The IRR of the project is 10%, which is lower than that of the company’s actual hurdle rate of 12%
- There would be no impact over the fixed cost for the depreciation cost, because it deals entirely with the variable cost for the next 5years in total. The variable cost would certainly increase in this particular scenario leads to lower down the net income and gross income of the company s a whole. It is an important provision which needs to be taken into account. However, it will impact on the cash flow of the company, because depreciation would always add back in the cash flows.
V. Conclusion
The case of ABC Company has been analyzed in this particular assignment and there are numerous facts which have been found and analyzed in this particular provision. According to the requirement the conclusion should be divided into three different sections.
- The major risks which have been associated with this particular project is the association of financial based risk. According to the computation of this particular research, it is clear that the project would not be worthwhile for the company and it will not bring any sort of synergy effect over the company in total.
- As a management accountant, my responsibility to identify all the loopholes of the project and also analyze the effects which may be encountered by the company while having this particular project.

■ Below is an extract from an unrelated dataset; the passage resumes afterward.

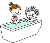 入浴(全身浴または部分浴)、清拭(身体を拭く)、洗髪などの介助を行います。

All of these things have been found in the area of Project Management and the recommendations related to mitigate the same are mentioned below
- There is only a single recommendation to the CEO, which is that increase the per year cash flow by decreasing the cost or increasing the revenue of the company, otherwise it is better for ABC company to not to undertake this project into consideration.
H. Kent Baker, P. E. (2011). Capital Budgeting Valuation: Financial Analysis for Today's Investment Projects. New York: John Wiley & Sons.